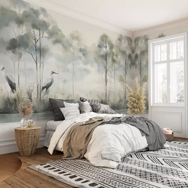 Фототапет Мъглива гора край водата с чапли, мека, хладна палитра Nr w04788
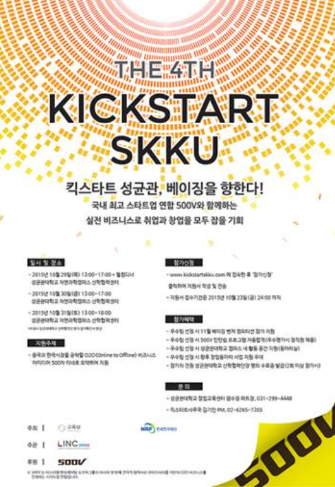 ‘제 4회 킥스타트 성균관, 베이징을 향한다!’라는 캐치프레이즈를 앞세운 이번 행사는 ‘중국과 한국 시장을 공략할 O2O(Online to Offline) 비즈니스 아이디어’라는 주제로 열린다. 선발된 50명의 성균관대학교 및 수도권 소재 대학생을 대상으로 성균관대학교 자연과학캠퍼스 산학협력센터에서 10월 29일부터 3일간 진행된다.
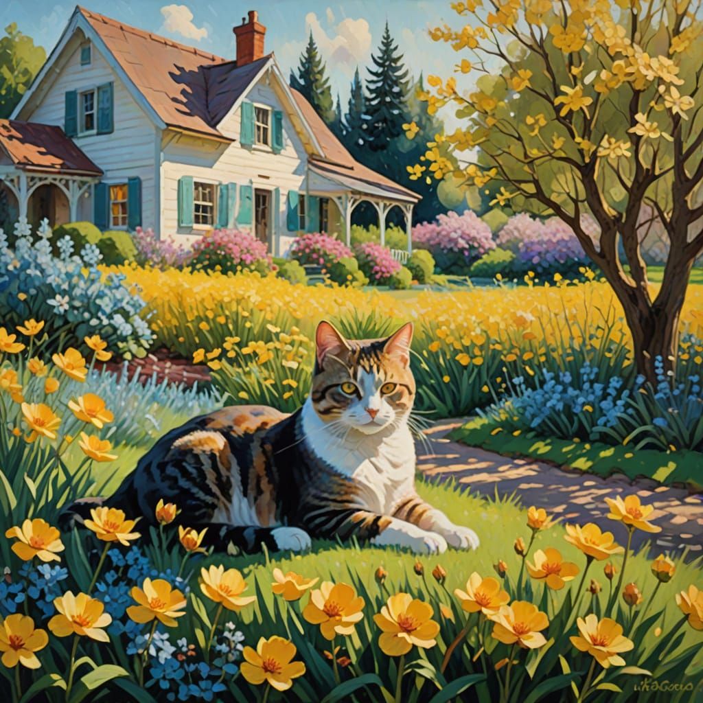 This idyllic image captures a serene cat amidst vibrant spring flowers in a lush garden, set against a charming white cottage with soft brushstrokes and warm sunlight filtering through the blossoms in a golden hour scene.

*TASK INSTRUCTIONS*. Repeat the lines exactly as they stand, from the opening line of the data through the line with "29일부터 3일간 진행된다.". Pictures stay out of the copy.

*SOLUTION*.
 Фототапет Мъглива гора край водата с чапли, мека, хладна палитра Nr w04788
 ‘제 4회 킥스타트 성균관, 베이징을 향한다!’라는 캐치프레이즈를 앞세운 이번 행사는 ‘중국과 한국 시장을 공략할 O2O(Online to Offline) 비즈니스 아이디어’라는 주제로 열린다. 선발된 50명의 성균관대학교 및 수도권 소재 대학생을 대상으로 성균관대학교 자연과학캠퍼스 산학협력센터에서 10월 29일부터 3일간 진행된다.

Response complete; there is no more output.